Barnet was active in Jewish life like his father; in 1882 he was elected secretary of the Anglo-Jewish Association, and was honorary architect to the Jewish Philanthropic Society, doing work at the Jewish almshouses (later the Montefiore homes). He was to develop an extensive Jewish clientele, designing many houses and a number of tobacco warehouses and factories, and his first major commission, Rosaville in Carlton, was for Abraham Harris, a prominent member of the Jewish Community.

Unlike some other boom era architects, he weathered the economic crash of the 1890s, and became one of the most prolific commercial architects in Melbourne in the Edwardian era after 1900. He designed at least 32 offices, shops, warehouses and theatres in the central city between 1900 and 1925, ending up with various of his designs near each other. For instance the Gothic 1913 Francis & Co Chemist at 280-282 Bourke Street is right next to the more abstract Roughton & Co built the next year, and two doors down was the elaborate Wertheim showroom built 10 years earlier, and the Melba and Britannia Theatres, both 1912, were across the street. The 1891 Austral Building in Collins Street was a few doors up from his 1905 surgery for Dr Barrett at no 127, the 1913 YWCA was just around the corner in Russell Street, the 1913 Auditorium Building is half a block further down Collins Street, and Clyde House, also 1913, is across the street from that.

Notable works after 1900 include a series of designs that were variations on the local version of the Romanesque Revival, combined with elements of the Queen Anne, characterised by the use of red brick and arches, often with projecting bays; examples include Mason, Firth & McCutcheon Printers in Bank Place, Love & Lewis in Bourke Street, and the Auditorium Building, which included a concert hall at ground level. Barnet embellished some of his essays in this style with Art Nouveau details, relatively rare in Melbourne, including Alston's Corner, the Paton Building, though most decorative elements were flowing floral designs. The striking Young Women's Christian Association clubrooms in Russell Street (demolished) was more eclectic, combining red brick, projecting squat turrets and a high stylised parapet. In this period he also designed in other styles, including the Arts & Crafts influenced Florida Mansions in St Kilda Road, an early block of flats (demolished), the Edwardian Baroque of the Empire Arcade and Wertheims, and stylised Gothic of Francis & Co. His last work was the Baroque Revival Melbourne Synagogue (1929) in South Yarra.

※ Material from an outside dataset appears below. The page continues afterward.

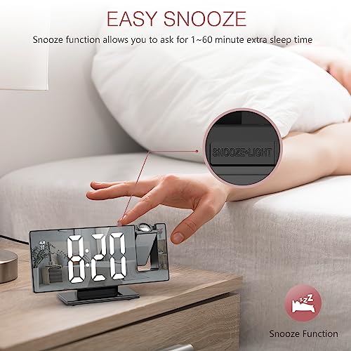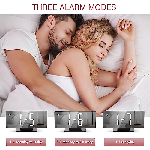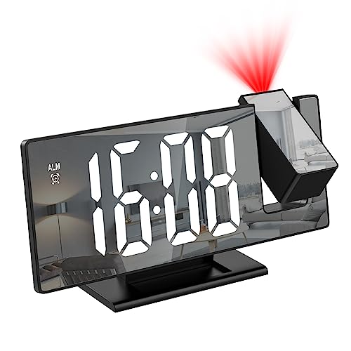 LOFICOPER - ساعة منبه رقمية من لوفيكوبر بإضاءة ليد ونظام عرض الوقت بالإسقاط على الحائط أو السقف لغرفة النوم، 7.8 بوصة (20 سم) مع جهاز عرض بروجكتور قابل للدوران 180 درجة، غفوة، سطوع قابل للتعديل، وضع يوم العمل

The claim that there "was not a street in the Melbourne central business district where a Barnet building could not be found" was coined by his friend Isaac Selby and reiterated in Barnet's obituary in The Argus in 1931. The obituary relates that when challenged with the street "Carpentaria Place" (a short street opposite the Windsor Hotel, now pedestrianised), the reply was "You are wrong. You have overlooked the cabman's shelter." Barnet had designed this in 1898, and it still exists, though relocated to Yarra Park along Brunton Avenue some time in the interwar years.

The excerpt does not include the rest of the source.